The impact of these factors in combination was strong. By mid-century, empirical research methods dominated. Virtually all advanced degrees in the professions required the study of statistical procedures for data analysis. Research departments developed in professional schools not so much to conduct research as to teach graduate students to understand and use designs and data-analysis procedures for empirical studies with the greatest feasible degree of control of variables. Acceptable research came to be identified by the procedures taught by the research departments of their particular schools. The definition of “respectability” in many professional schools was to do a THESIS AND DISSERTATION that employed some form of a controlled experimental design and subjected its data to a complex statistical analysis.

RECENT AND CURRENT TRENDS IN THESIS AND DISSERTATION INVESTIGATIONS

The late 1950s saw the development of a noticeable negative reaction to the attitude that any professional discipline could build a theoretical and conceptual base securely founded on a narrowly conceived underpinning of research design and research methodology.

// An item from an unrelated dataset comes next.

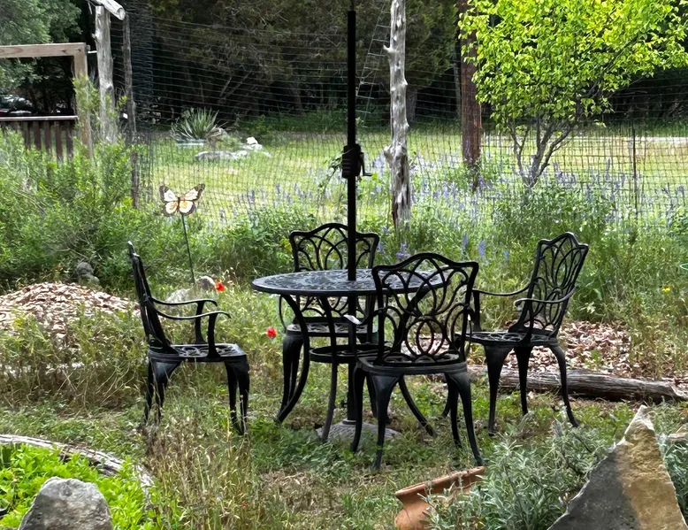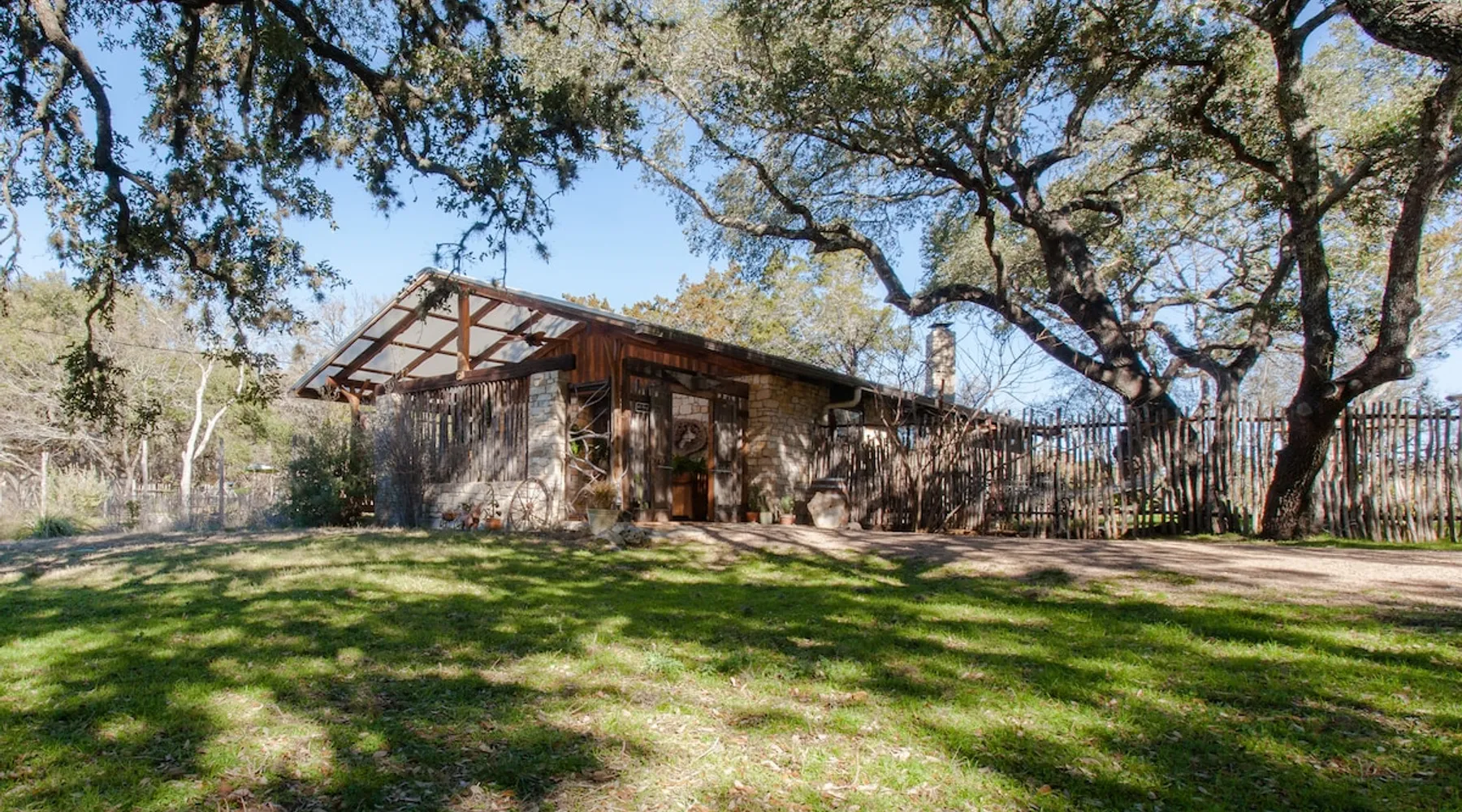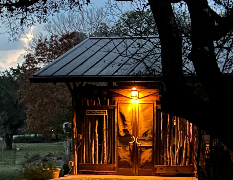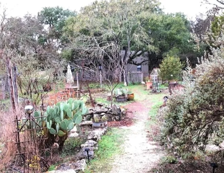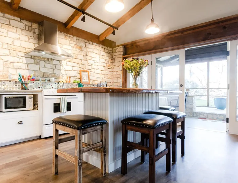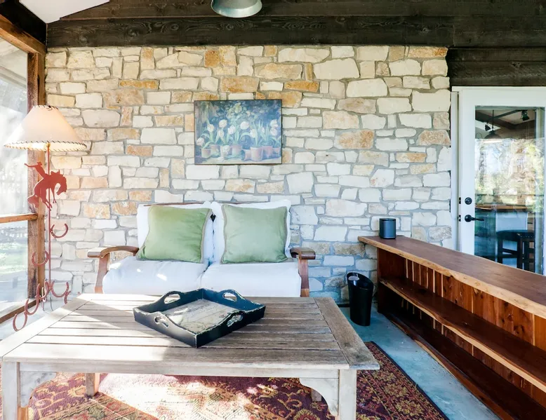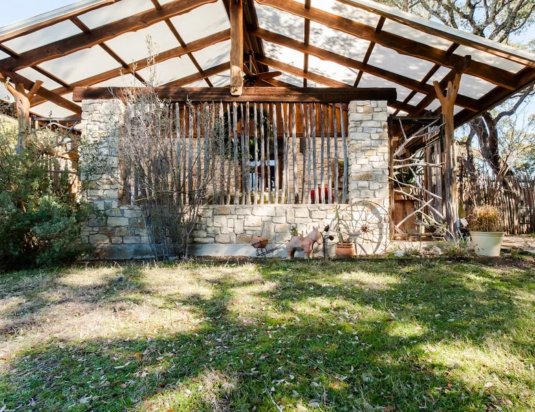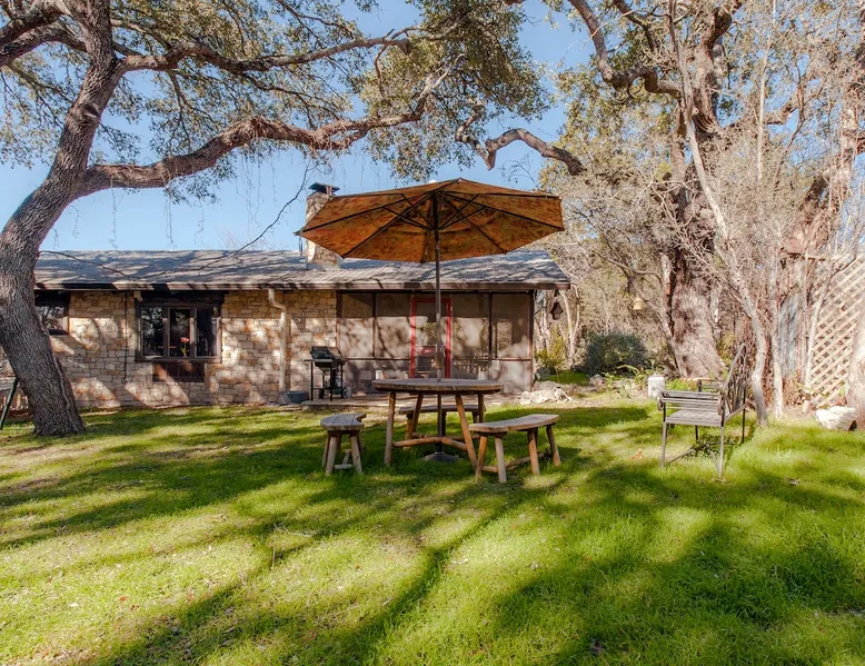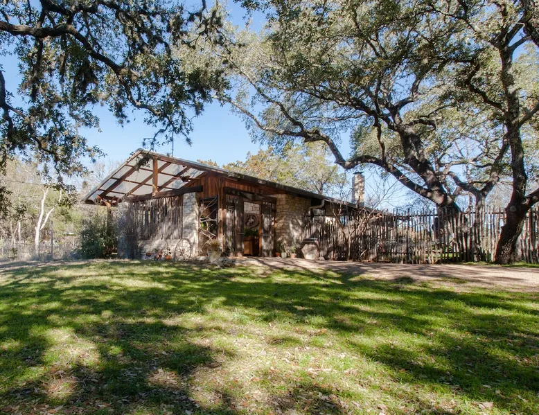 Located 10 miles NW of Wimberley, TX in the Blanco river valley. Majestic oaks, starry nights and a wonderful, quiet stone house so comfortable you won't want to leave. Adults only, must be 21 years of age to reserve. Longer stays with reduced pricing are possible, subject to existing reservations. The space As you enter the driveway you'll pass a magnificent 200 year old oak tree and enter the cottage thru a spacious outdoor living area with a view of the garden. We have laying hens in the coop along the driveway and most afternoons we let them out to free range. Pull up a chair with your favorite beverage and enjoy "chick TV"!! Thick stone exterior walls make for a quiet, relaxing retreat. A fully equipped kitchen and casual dining center around a handcrafted cherry wood topped island. The living area, anchored by a floor to ceiling rock fireplace, beckons you with comfy sofa and sumptuous leather chairs. Light fills the living area thru large patio doors opening onto a screened porch that extends across the entire back of the house with relaxing seating and dining. Outside off the stone patio is a deck overlooking a dry creek. Tucked behind the oak tree is a (cold) outdoor shower. Enjoy a peaceful night's rest on a queen size bed in a quiet, cozy bedroom. The spacious bathroom, with a window to the garden, has a large tiled shower with a stone floor. Guest access Guest have access to entire property including deck overlooking a dry creek, grill area, outdoor shower (cold only) and a large garden with a greenhouse - perfect for morning jo and evening beverages... check it out! The garden area is shared with the tenant in the house next door. Other things to note The Cowboy is great for a couple or friends that want to get away, cook a great meal and chill. Excellent setting for artist and writers. Internet access for browsing and streaming music, satellite TV, AT&T cell service - all others iffy. Guest supply their own firewood, which can be purchased locally at HEB, Ace Hardware and Brookshire Bro’s. Duraflame type logs are not allowed. For your listening enjoyment, we have the Sonos wireless speaker system that you can access by downloading the Sonos app. Pandora and Sonos music is provided and you can also add your own music service. Many scenic drives, an award winning regional park-Blue Hole in Wimberley, famous Jacobs Well natural area, Emily Ann theatre, The Wimberley Players theater and local restaurants, to name a few : Mima's (TexMex), The Leaning Pear, Wimberley Cafe, Chills, The Shady Llama (beer/wine, great views) and others. Casual attire at all establishments. And don't forget the many shops in and around the town square. Book your stay over the first Saturday, March thru December, and enjoy Market Days - a flea market that draws shoppers from across the region.

Some professional-school faculty members had pressed for a broader interpretation all along. Their students carried out surveys, conducted polls and case studies, did retrospective project evaluation, analyzed the impact of laws on practices, studied development processes, and in countless other ways asserted the importance of a wider range of methodologies and technologies of investigation. That reaction appears by now to have approached a balance with the earlier, narrower point of view. Contributions to the different knowledge bases for the various professions are at present welcomed from many directions. Recently added dimensions in investigations are found, for example, in the widespread interest in qualitative research and in the development of systems of evaluation. Today’s THESIS AND DISSERTATION student in either an academic or a professional discipline has unprecedented latitude in choice of subject and methodology.